No obstante, el concepto clásico de nación se ha visto socavado por el multiculturalismo y la
fragmentación cultural, religiosa, ideal y política: nos encontramos en un contexto de postnacionalismo.

Efectivamente el nacionalismo había desempeñado un papel clave en la cohesión de las comunidades


políticas, facilitando una identidad común. La referencia a una nacionalidad común había ayudado a la
identificación común de los habitantes dentro de un territorio, así como a su movilización política, ya
fuera apelando a su historia común, cultura, lengua o religión. Sin embargo, es reconocible que la
asociación entre Estado y nación es absolutamente contingente y no necesaria. A pesar de que podamos
encontrar estados con una fuerte base nacional, también existen otros donde la nación es inexistente. En
ese contexto se hace necesario que busquemos otros vínculos de asociación distintos al nacionalismo.

No nos es útil apelar a un nacionalismo hoy día por dos razones. Primero, reconocemos que si se revisa
históricamente el legado del estado-nación es factible que se encuentre un legado de opresión de las
mayorías sobre las minorías: una suerte de imperialismo al interior de las fronteras del Estado. Por otra
parte, el reconocimiento de la creciente diversidad al interior de los estados socava su capacidad para
seguir jugando el papel que cumplió en los siglos XIX y XX.

En condiciones de pluralismo, por lo tanto, la cultura de la mayoría, la del nacionalismo incipiente, no


puede servir como fundamento de una identidad compartida. Hoy se sugiere que la nación como
principio de cohesión debe ser reemplazada por principios universales como los consagrados en los
derechos humanos y el estado de derecho propio de cada régimen, sin que esto implique la imposición
de una cultura de la mayoría sobre las minorías.

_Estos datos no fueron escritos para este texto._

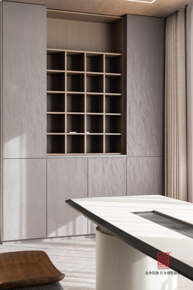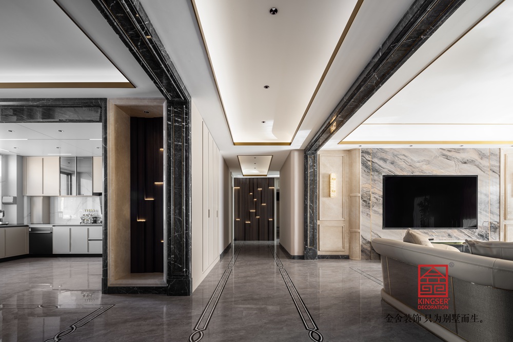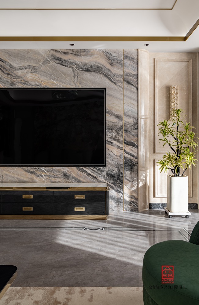 如滔滔江水傾瀉而下的石材肌理,赭石與黑色的顏色對撞,石材的堅硬與皮制的溫潤的融合,金屬的邊緣與整體溫暖的配色,這是客戶對生活的向往,也是對美好未來的構(gòu)建。

El llamado es a que cada comunidad política desarrolle interpretaciones distintivas del significado de
estos principios a través del tiempo, los cuales se encarnan en sus instituciones y prácticas políticas y
legales. Estos a su vez forman una cultura política que cristaliza en torno a la constitución del país y hace
que esos principios configuren un universal concreto. Se tratará de una suerte de constitucionalismo
común que tendrá la función de congregar en torno a reglas comunes en la vida social. Luego, la cultura
política nacionalista, que seguramente ha encarnado los valores políticos de las mayorías, en detrimento
de las minorías, debe cederle el paso a un acuerdo constitucional que reconozca las diferencias
existentes en la comunidad política.

La idea central del argumento es que la práctica política democrática puede proporcionar un estímulo
suficiente para la integración de todos los miembros de una sociedad compleja. La democracia, en
términos procedimentales, podrá entonces asegurar la legitimidad del todo social ante la ausencia de
elementos comunes más sustanciales entre los ciudadanos y así lograr la integración social. En las
sociedades complejas, es la opinión y deliberativa formación de la voluntad de los ciudadanos, basada en
los principios de soberanía popular, que constituye el medio fundamental para una forma de resumen, la
solidaridad legalmente construida que se reproduce a través de la participación política.